A preprint [Haplotype-based variant detection from short-read sequencing](http://arxiv.org/abs/1207.3907) provides an overview of the
statistical models used in freebayes.
We ask that you cite this paper if you use freebayes in work that leads to publication.
This preprint is used for documentation and citation.
freebayes was never submitted for review, but has been used in over 1000 publications.

Please use this citation format:

Garrison E, Marth G. Haplotype-based variant detection from short-read sequencing. *arXiv preprint arXiv:1207.3907 [q-bio.GN]* 2012

If possible, please also refer to the version number provided by freebayes when it is run without arguments or with the `--help` option.

## Install

freebayes is provided as a pre-built 64-bit static Linux binary as part of [releases](https://github.com/freebayes/freebayes/releases).

Debian and Conda packages should work too, see the badges at the top
of this page.

To build freebayes from source check the
[development](#Development) section below. It is important to get the full recursive
git checkout and dependencies.

## Support

Please report any issues or questions to the [freebayes mailing list](https://groups.google.com/forum/#!forum/freebayes). Report bugs on the [freebayes issue tracker](https://github.com/freebayes/freebayes/issues)

## Usage

In its simplest operation, freebayes requires only two inputs: a FASTA reference sequence, and a BAM-format alignment file sorted by reference position.
For instance:

    freebayes -f ref.fa aln.bam >var.vcf

... will produce a VCF file describing all SNPs, INDELs, and haplotype variants between the reference and aln.bam. The CRAM version is

    freebayes -f ref.fa aln.cram >var.vcf

Multiple BAM files may be given for joint calling.

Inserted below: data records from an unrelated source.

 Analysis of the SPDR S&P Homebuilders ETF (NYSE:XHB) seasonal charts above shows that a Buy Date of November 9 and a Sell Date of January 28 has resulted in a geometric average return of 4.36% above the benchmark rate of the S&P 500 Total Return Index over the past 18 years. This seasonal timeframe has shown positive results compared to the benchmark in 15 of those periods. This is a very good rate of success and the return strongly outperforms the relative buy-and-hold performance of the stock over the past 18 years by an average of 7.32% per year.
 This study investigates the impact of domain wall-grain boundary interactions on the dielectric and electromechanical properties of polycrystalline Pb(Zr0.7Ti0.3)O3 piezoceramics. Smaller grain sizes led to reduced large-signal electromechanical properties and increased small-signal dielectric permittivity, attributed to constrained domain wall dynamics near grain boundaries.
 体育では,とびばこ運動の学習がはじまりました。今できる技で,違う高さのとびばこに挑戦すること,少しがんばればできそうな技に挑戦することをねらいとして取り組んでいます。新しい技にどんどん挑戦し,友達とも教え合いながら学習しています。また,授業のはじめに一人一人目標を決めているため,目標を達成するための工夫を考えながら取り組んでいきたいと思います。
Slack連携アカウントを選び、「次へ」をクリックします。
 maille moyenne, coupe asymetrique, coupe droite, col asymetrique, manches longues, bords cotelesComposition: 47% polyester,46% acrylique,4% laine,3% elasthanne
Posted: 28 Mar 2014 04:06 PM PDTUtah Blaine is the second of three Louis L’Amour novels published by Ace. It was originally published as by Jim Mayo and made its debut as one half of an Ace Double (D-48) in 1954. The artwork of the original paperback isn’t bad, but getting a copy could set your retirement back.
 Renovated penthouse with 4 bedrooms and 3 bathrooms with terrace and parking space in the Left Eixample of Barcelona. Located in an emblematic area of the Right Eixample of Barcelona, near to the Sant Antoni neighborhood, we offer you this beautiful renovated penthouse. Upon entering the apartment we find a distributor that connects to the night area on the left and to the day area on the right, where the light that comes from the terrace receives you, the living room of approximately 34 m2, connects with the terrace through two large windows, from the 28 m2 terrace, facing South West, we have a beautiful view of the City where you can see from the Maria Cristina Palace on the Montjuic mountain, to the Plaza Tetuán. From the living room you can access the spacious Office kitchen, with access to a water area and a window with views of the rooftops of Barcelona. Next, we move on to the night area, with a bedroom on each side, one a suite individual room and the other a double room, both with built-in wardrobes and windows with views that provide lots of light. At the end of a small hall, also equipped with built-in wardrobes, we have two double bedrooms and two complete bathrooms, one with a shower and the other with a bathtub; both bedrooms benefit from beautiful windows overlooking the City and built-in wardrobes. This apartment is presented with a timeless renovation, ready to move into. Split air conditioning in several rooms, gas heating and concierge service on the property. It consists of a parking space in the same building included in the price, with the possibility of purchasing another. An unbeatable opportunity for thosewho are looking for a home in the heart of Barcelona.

Typically, we might consider two additional parameters.
GVCF output allows us to have coverage information about non-called sites, and we can enable it with `--gcvcf`.
For performance reasons we may want to skip regions of extremely high coverage in the reference using the `--skip-limit` parameter `-g`.
These can greatly increase runtime but do not produce meaningful results.
For instance, if we wanted to exclude regions of 1000X coverage, we would run:

    freebayes -f ref.fa aln.bam --gvcf -g 1000 >var.vcf

For a description of available command-line options and their defaults, run:

    freebayes --help

## Examples

Call variants assuming a diploid sample:

    freebayes -f ref.fa aln.bam >var.vcf

Call variants on only chrQ:

    freebayes -f ref.fa -r chrQ aln.bam >var.vcf

Call variants on only chrQ, from position 1000 to 2000:

    freebayes -f ref.fa -r chrQ:1000-2000 aln.bam >var.vcf

Require at least 5 supporting observations to consider a variant:

    freebayes -f ref.fa -C 5 aln.bam >var.vcf

Skip over regions of high depth by discarding alignments overlapping positions where total read depth is greater than 200:

    freebayes -f ref.fa -g 200 aln.bam >var.vcf

Use a different ploidy:

    freebayes -f ref.fa -p 4 aln.bam >var.vcf

Assume a pooled sample with a known number of genome copies.  Note that this
means that each sample identified in the BAM file is assumed to have 32 genome
copies.  When running with highh --ploidy settings, it may be required to set
`--use-best-n-alleles` to a low number to limit memory usage.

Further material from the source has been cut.